The engine is built on three core concepts: **Tasks/Nodes** for logic, **Workflows** for state transitions, and **Schedulers** for timing.
## Features
- **Type-Safe State Machines**: Enum-driven transitions with compile-time guarantees.
- **Flexible Processing Units**: Choose between simple `Task`s or structured `Node`s (Prep/Exec/Post lifecycle).
- **Parallel Execution (Split/Join)**: Run tasks concurrently and join results with strategies like `All`, `Any`, `Quorum`, or `PartialResults`.
- **Robust Retry Logic**: Configurable strategies including exponential backoff with jitter and per-attempt timeouts.
- **Circuit Breaker**: Shared `CircuitBreaker` short-circuits calls to failing dependencies before the retry loop, with configurable failure threshold, cool-down, and half-open probing.
- **Built-in Scheduling**: Cron-based, interval, and manual triggers for background jobs.
- **Observability**: Integrated `tracing` support for deep insights into workflow execution.
- **Performance-Focused**: Minimizes heap allocations by leveraging stack-based objects wherever possible, giving you control over where allocations occur.
## Simple Example: Parallel Processing
Here is a real-world example showing how to split execution into parallel tasks and join them back together.
```mermaid
graph TD
Start([Start]) --> Split{Split}
Split -->|Source 1| T1[FetchSourceTask 1]
Split -->|Source 2| T2[FetchSourceTask 2]
Split -->|Source 3| T3[FetchSourceTask 3]
T1 --> Join{Join All}
T2 --> Join
T3 --> Join
Join --> Complete([Complete])
```
```rust
use cano::prelude::*;
use std::time::Duration;
#[derive(Debug, Clone, PartialEq, Eq, Hash)]
enum FlowState {
Start,
Complete,
}
// A task that simulates fetching data from a source.
#[derive(Clone)]
struct FetchSourceTask {
source_id: u32,
}
#[task]
impl Task<FlowState> for FetchSourceTask {
async fn run(&self, res: &Resources) -> Result<TaskResult<FlowState>, CanoError> {
// Look up the shared store from the workflow's resources.
let store = res.get::<MemoryStore, str>("store")?;
// Simulate async work.
tokio::time::sleep(Duration::from_millis(100)).await;
// Store the per-source result for downstream aggregation.
let key = format!("source_{}", self.source_id);
store.put(&key, format!("data_from_{}", self.source_id))?;
Ok(TaskResult::Single(FlowState::Complete))
}
}
#[tokio::main]
async fn main() -> Result<(), CanoError> {
// 1. Register shared resources (the store is one resource among many).
let resources = Resources::new().insert("store", MemoryStore::new());
// 2. Define parallel tasks.
let sources = vec![
FetchSourceTask { source_id: 1 },
FetchSourceTask { source_id: 2 },
FetchSourceTask { source_id: 3 },
];
// 3. Configure the join strategy.
// Wait for ALL tasks to complete successfully before moving to Complete.
let join_config = JoinConfig::new(JoinStrategy::All, FlowState::Complete)
.with_timeout(Duration::from_secs(5));
// 4. Build the workflow: Start -> Split into parallel tasks -> Complete.
let workflow = Workflow::new(resources)
.register_split(FlowState::Start, sources, join_config)
.add_exit_state(FlowState::Complete);
// 5. Run.
let result = workflow.orchestrate(FlowState::Start).await?;
println!("Workflow finished: {:?}", result);
Ok(())
}
```
## Documentation
For complete documentation, examples, and guides, please visit our website:
👉 **[https://nassor.github.io/cano/](https://nassor.github.io/cano/)**
You can also find:
- **[API Documentation](https://docs.rs/cano)** on docs.rs
- **[Examples Directory](./examples/)** in the repository
## Contributing
Contributions are welcome!

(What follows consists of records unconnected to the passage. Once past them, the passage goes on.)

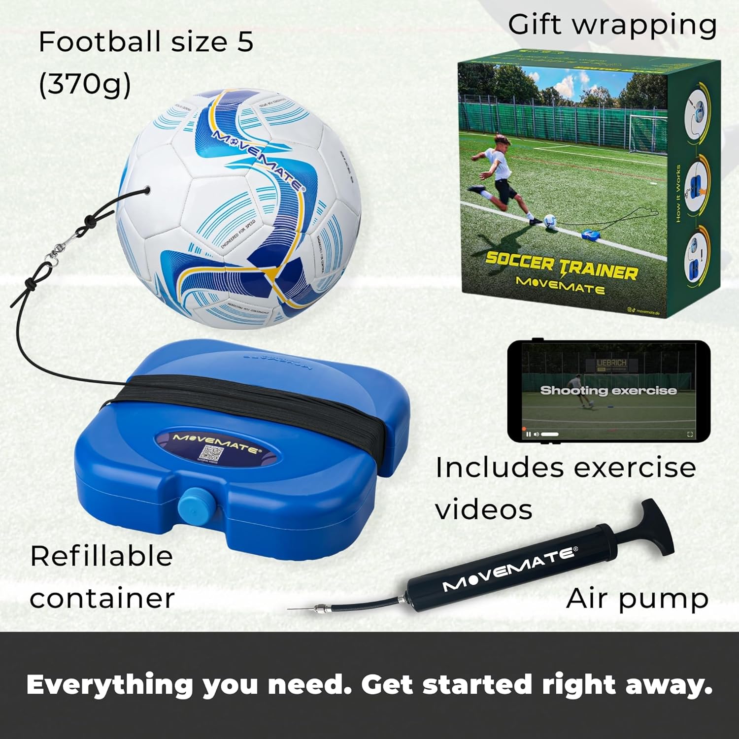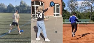 HIGH-QUALITY MATERIAL – To give you the best possible football experience, we use high-quality PU outer material and a durable butyl bladder. In addition, a sturdy 10-metre rope is integrated directly into the surface of the ball so that it does not tear even when hit hard. The handy water-fillable container completes the set and remains stable during all types of shots.
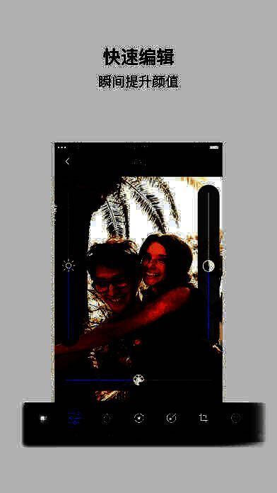 支持iOS9,在该系统上表现卓越,快捷、流畅、清晰又有趣;界面简洁直观,能快速切换多种拍照效果,轻松使用滤镜;提供众多精美滤镜,拍照或编辑时可实时预览效果;高清拍照,细致展现精彩生活。
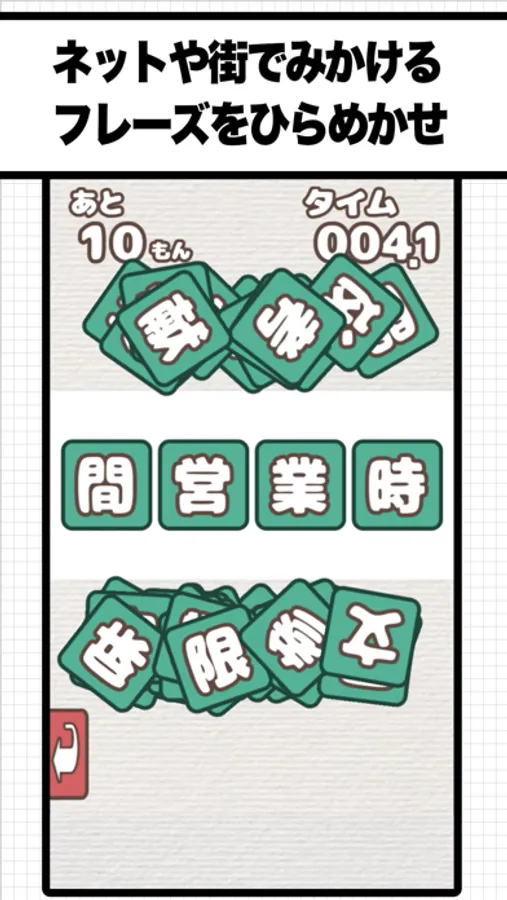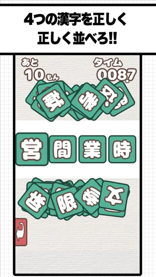 街やネット、広告など普段何気なく見かける4文字の漢字がバラバラで出題されます。

Please feel free to submit a Pull Request.
## License
Licensed under either of
- Apache License, Version 2.0 ([LICENSE-APACHE](LICENSE-APACHE) or <http://www.apache.org/licenses/LICENSE-2.0>)
- MIT license ([LICENSE-MIT](LICENSE-MIT) or <http://opensource.org/licenses/MIT>)
at your option.
### Contribution
Unless you explicitly state otherwise, any contribution intentionally submitted for inclusion in the work by you, as defined in the Apache-2.0 license, shall be dual licensed as above, without any additional terms or conditions.